# Echo Note Training with Gemma LLM
This notebook demonstrates how to fine-tune the Gemma language model on echocardiogram notes. The model will learn to analyze echo reports and provide structured assessments across 19 different cardiac features.

## Overview
1. Set up Google Drive and dependencies
2. Load and prepare echo note data
3. Configure data labels and formatting
4. Clean and preprocess the dataset
5. Create train/tune/test splits
6. Convert to HuggingFace format
7. Configure and train the model
8. Evaluate results

## 1. Set Up Google Drive
First, let's mount Google Drive to access our data and save model checkpoints.
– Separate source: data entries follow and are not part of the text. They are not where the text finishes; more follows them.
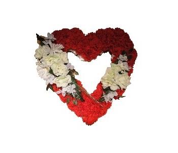 A classic open heart design, created in the traditional way, using a massed carnation base and a colourful spray of roses and greenery.
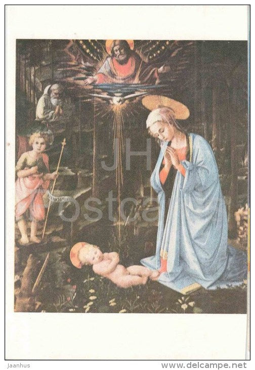 Christmas Greeting card - painting by Filippo Lippi - italian art - 1989 - Estonia USSR - used
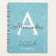 2024 Turquoise Bleu Aqua Pailleté Carnet de notes et planificateur de monogramme et initiale en spirale. C'est le cadeau idéal pour un anniversaire des 16 ans, un mariage, une douche de mariée, un anniversaire de mariage, une baby shower ou une soirée de bachelorette pour quelqu'un qui aime le luxe glamour et les styles chics.
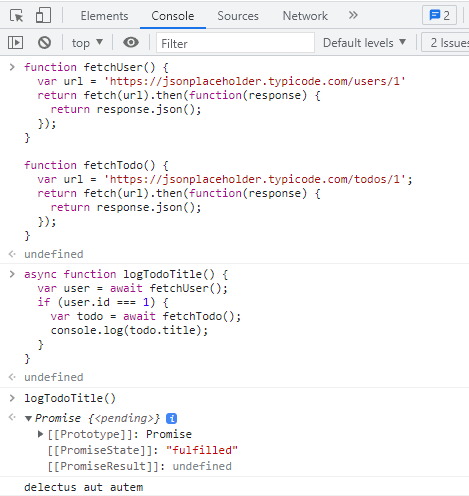 function fetchUser() { const url = 'https://jsonplaceholder.typicode.com/users/1' return fetch(url).then(function(response) { return response.json(); }); } function fetchTodo() { const url = 'https://jsonplaceholder.typicode.com/todos/1' return fetch(url).then(function(response) { return response.json(); }); } async function logTodoTitle() { try { const user = await fetchUser(); if (user.id === 1) { const todo = await fetchTodo(); console.log(todo.title); //user 1 의 todo.title 출력 } } catch(error) { console.log(error); } }
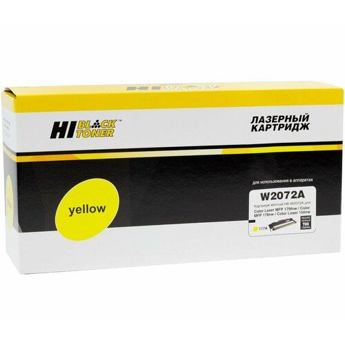 Картридж совместимый HB-W2072A Yellow для HP CL 150a/150nw/MFP178nw/179fnw, 117A. Производство: Hi-Black, Китай. Производитель принтера: HP. Цвет: Черный. Тип печати: для лазерной печати. Указанный ресурс при печати текстовых страниц А4 при 5% заполнении площади листа. Гарантия: 1 год. Повышенный ресурс, отличное качество печати Без чипа
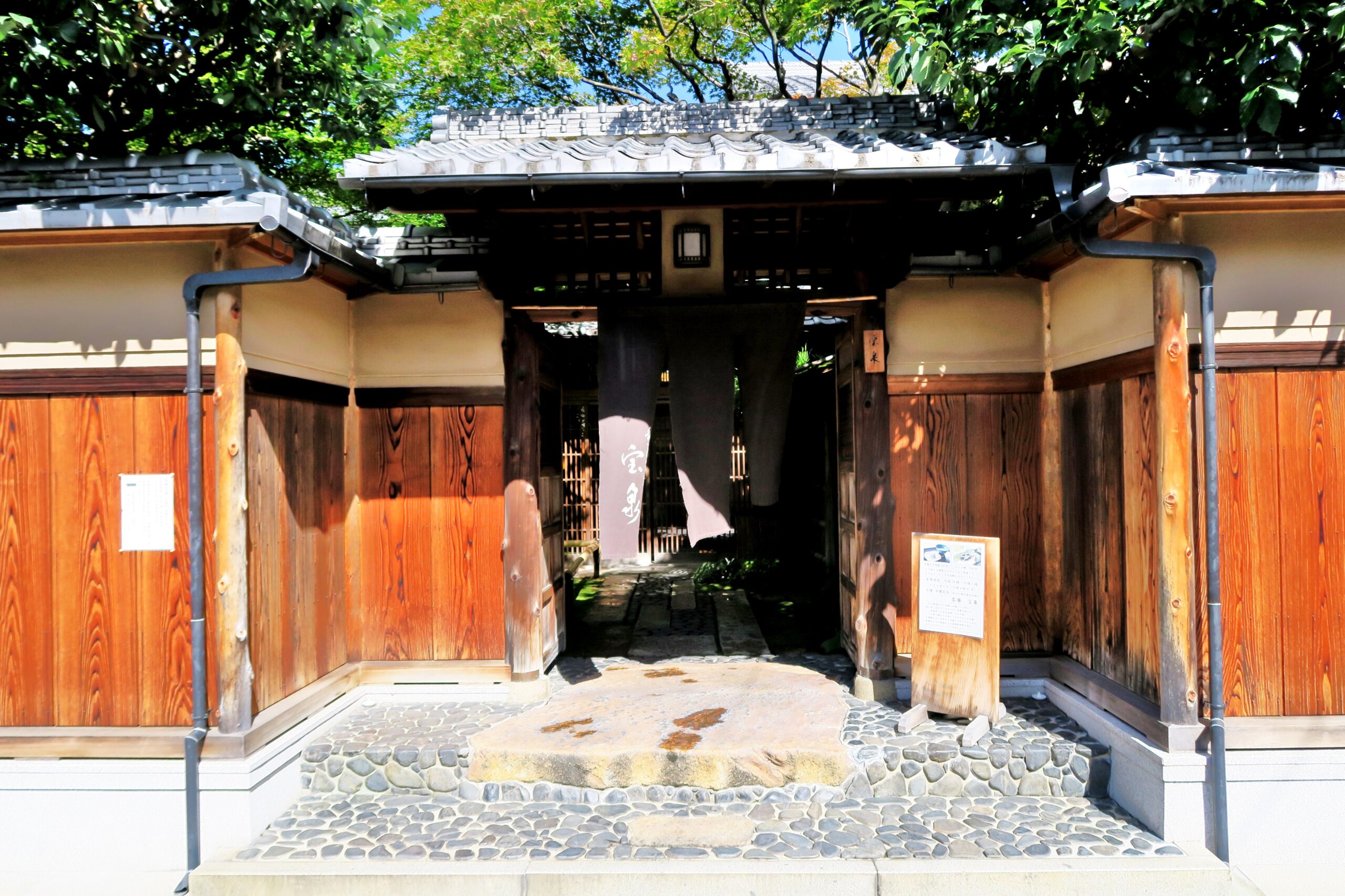 世界遺産である下鴨神社と北大路通りとの間、松ヶ崎の閑静な住宅街の一角に一際見事な門構えの日本屋敷が現われる隠れ家的なお店が「茶寮 宝泉」です。わらび餅とは何たるものかを教えてくれるお店で、市販の物とは比べることのできない格の違う日本一の「わらび餅」がいただけます。世界遺産「下鴨神社」から歩いて10分かからないくらいの場所にあるので下鴨神社参拝と併せて行動予定に是非組み込んでみてください。木造りの門に暖簾がかかり、その先には石畳が敷かれた小径があり、いきなり京都感を存分に味わえる予感が高まる良い雰囲気です。
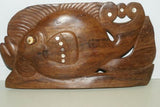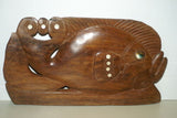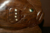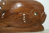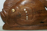 Rare South Pacific Island Primitive Art Mother Pearl Hand carved Wood Fish 1A19
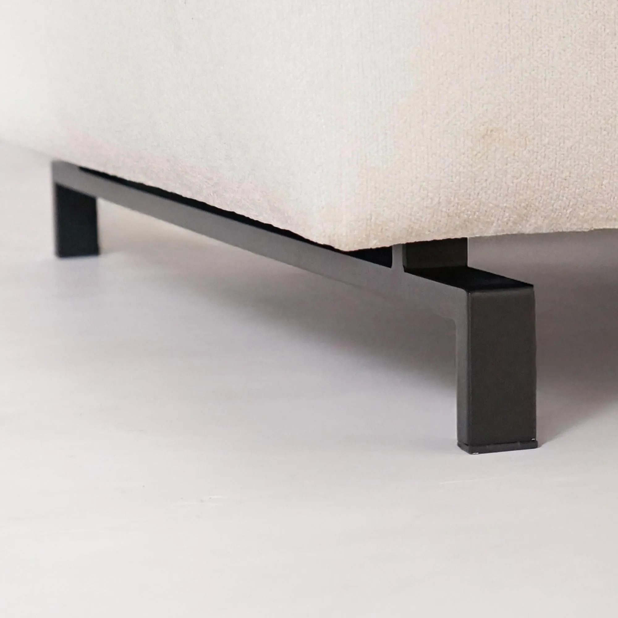 Les pieds en métal noir, fins et géométriques, soulèvent la structure pour lui apporter légèreté et modernité. Leur discrétion met en valeur la pureté du volume et souligne le contraste avec le revêtement clair.

This step is essential for persisting our data and model files across Colab sessions.

In [None]:
# Mount Google Drive
from google.colab import drive
drive.mount('/content/drive')

# Set up working directory
import os
WORKING_DIR = '/content/drive/MyDrive/echo_training'  # Change this to your preferred location
os.makedirs(WORKING_DIR, exist_ok=True)
os.chdir(WORKING_DIR)

print(f"Working directory set to: {WORKING_DIR}")
print("Contents:", os.listdir())

## 2. Install Required Dependencies
Install and import all necessary libraries for the project. We'll need:
- transformers: For the Gemma model and training
- datasets: For data handling
- pandas & numpy: For data manipulation
- sklearn: For data splitting
- torch: For deep learning operations

In [None]:
# Install required packages
!pip install transformers datasets torch numpy pandas scikit-learn bitsandbytes -q

# Import libraries
import pandas as pd
import numpy as np
from datasets import Dataset, DatasetDict
from sklearn.model_selection import train_test_split
import ast
import torch
from transformers import AutoModelForCausalLM, AutoTokenizer
from transformers import Trainer, DataCollatorForLanguageModeling, TrainingArguments

print("PyTorch version:", torch.__version__)
print("CUDA available:", torch.cuda.is_available())
if torch.cuda.is_available():
    print("GPU:", torch.cuda.get_device_name(0))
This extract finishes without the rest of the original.